Scientific Data (Feb 2024)

A city-level dataset of heavy metal emissions into the atmosphere across China from 2015–2020

  • Qi Dong,
  • Yue Li,
  • Xinhua Wei,
  • Le Jiao,
  • Lina Wu,
  • Zexin Dong,
  • Yi An

DOI
https://doi.org/10.1038/s41597-024-03089-3
Journal volume & issue
Vol. 11, no. 1
pp. 1 – 12

Abstract

Read online

Abstract The absence of nationwide distribution data regarding heavy metal emissions into the atmosphere poses a significant constraint in environmental research and public health assessment. In response to the critical data deficiency, we have established a dataset covering Cr, Cd, As, and Pb emissions into the atmosphere (HMEAs, unit: ton) across 367 municipalities in China.
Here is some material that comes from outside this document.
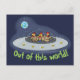 Funny chickens in spaceship cartoon postcard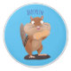 Den hungriga chipmunken i lycklig har en fullt mat. Löjd med en lustig illustration av tecknaden stil.

Initially, we collected HMEAs data and covariates such as industrial emissions, vehicle emissions, meteorological variables, among other ten indicators. Following this, nine machine learning models, including Linear Regression (LR), Ridge, Bayesian Ridge (Bayesian), K-Neighbors Regressor (KNN), MLP Regressor (MLP), Random Forest Regressor (RF), LGBM Regressor (LGBM), Lasso, and ElasticNet, were assessed using coefficient of determination (R2), root-mean-square error (RMSE) and Mean Absolute Error (MAE) on the testing dataset. RF and LGBM models were chosen, due to their favorable predictive performance (R2: 0.58–0.84, lower RMSE/MAE), confirming their robustness in modelling. This dataset serves as a valuable resource for informing environmental policies, monitoring air quality, conducting environmental assessments, and facilitating academic research.